Jim Guigli of Carmichael submitted 64 entries into the contest. The judges were most impressed, or revolted perhaps, by his passage about a comely woman who walks into a detective's office.
"Detective Bart Lasiter was in his office studying the light from his one small window falling on his super burrito when the door swung open to reveal a woman whose body said you've had your last burrito for a while, whose face said angels did exist, and whose eyes said she could make you dig your own grave and lick the shovel clean," Guigli wrote.
"The judges were impressed by his appalling powers of invention," said Scott Rice, a professor in SJSU's Department of English and Comparative Literature. He has organized the bad writing contest since its inception in 1982.

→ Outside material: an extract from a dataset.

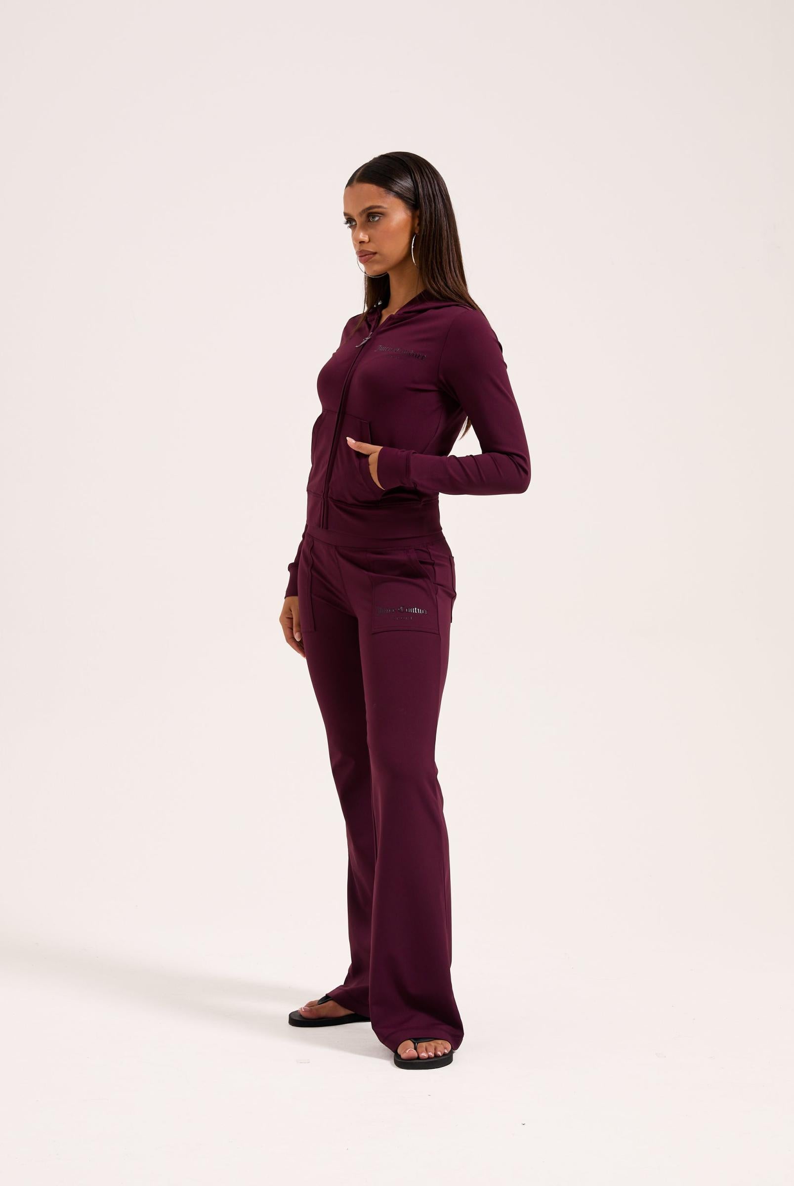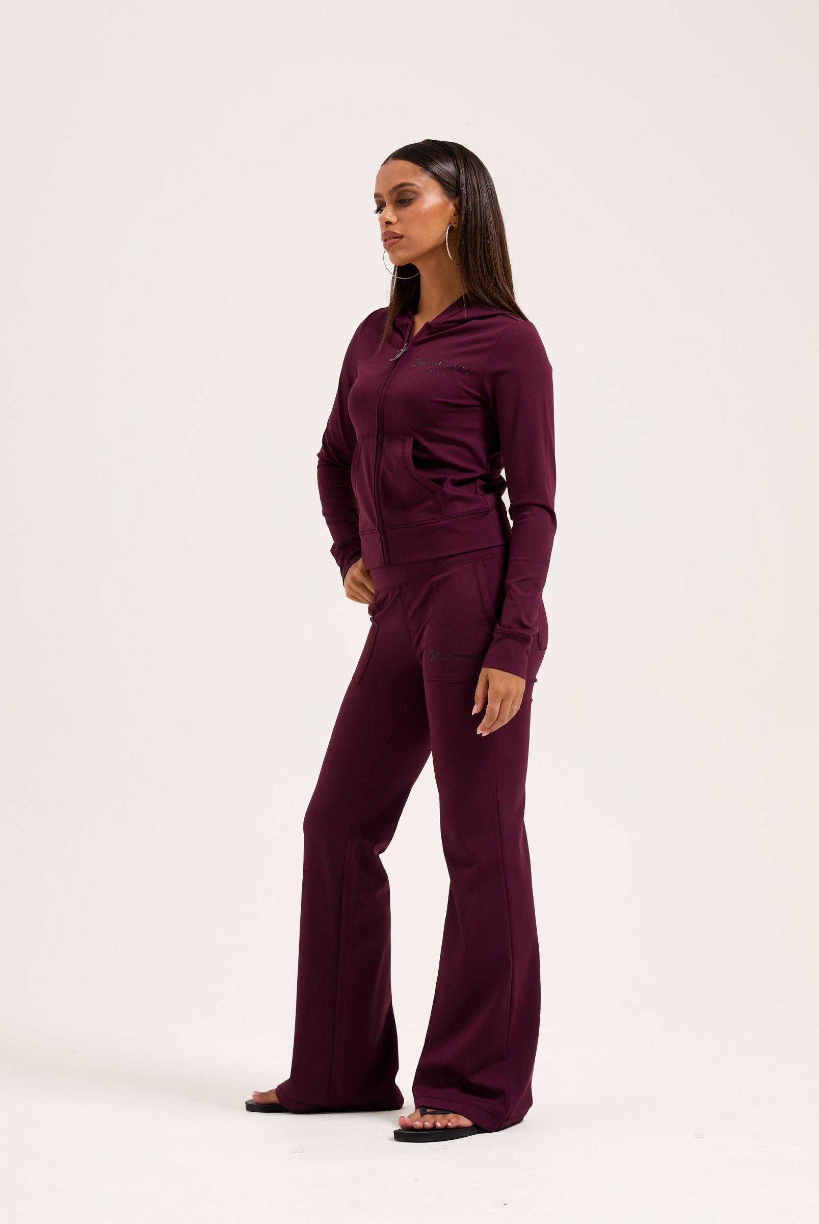 Den gotiske J-glidelåstrekkeren gir et statement-preg, og brystet er preget med en ton-i-ton Juicy Couture-logo som setter prikken over i-en. En perfekt miks av komfort, stil og nostalgi.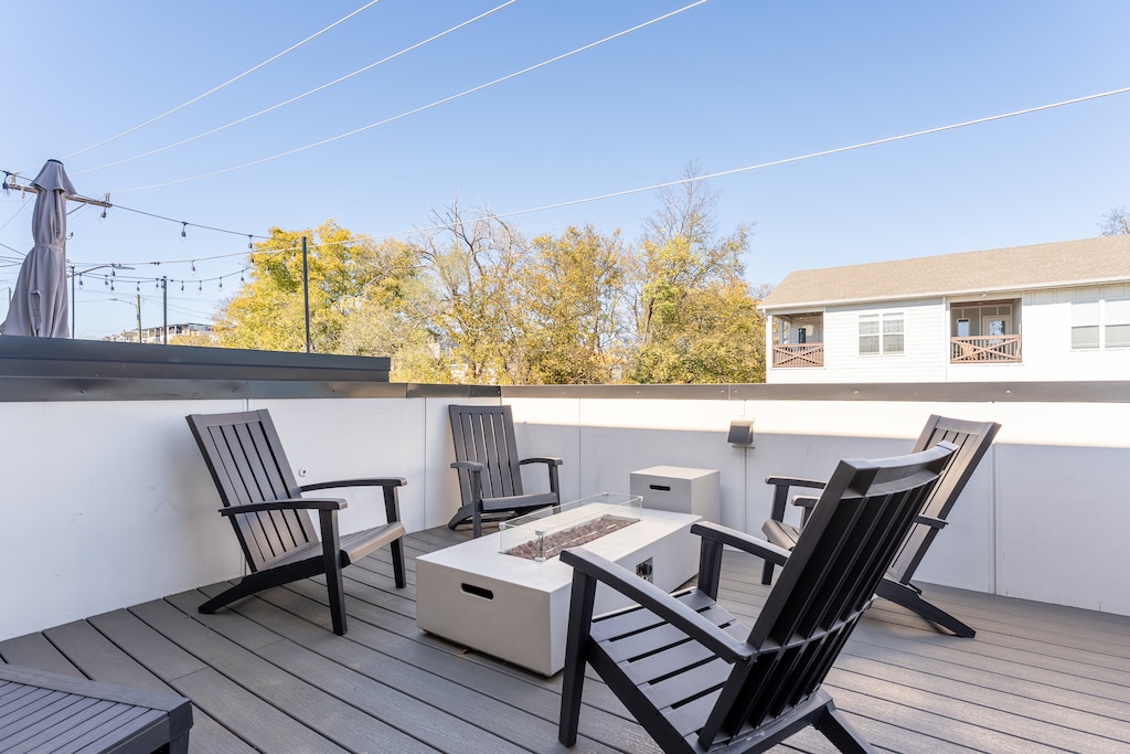Inside, you’ll find three spacious bedrooms, each with their own private bathroom for the ultimate comfort and privacy. Two feature plush king beds, while the third offers a cozy queen—perfect for families, couples, or groups traveling together. The chic design aesthetic adds warmth and personality throughout the home. The open-concept main floor invites connection, with a sleek chef’s kitchen featuring high-end appliances and a large island that flows seamlessly into the dining and living areas. It’s the perfect setup for cooking, entertaining, or unwinding after a day in the city. Head up to the third level to enjoy a beautiful bonus space and step outside to your private deck for a relaxed evening under the Nashville sky. Fire up the grill, share a meal, or simply take in the view with a glass of wine in hand.

Guigli will receive "a pittance" for his winning entry, a bit of cash he said he may put toward the purchase of a motor boat. His work for the contest represents a sampling of a career that never quite developed for him.
"At one time I thought I wanted to write to detective novels," Guigli told the Associated Press Monday. "I never got a good start on it."
His bad start was to be celebrated Tuesday, when the contest results were to be officially announced by Rice.
The contest is named for Edward George Bulwer-Lytton, whose 1830 novel "Paul Clifford" began with the oft-mocked, "It was a dark and stormy night."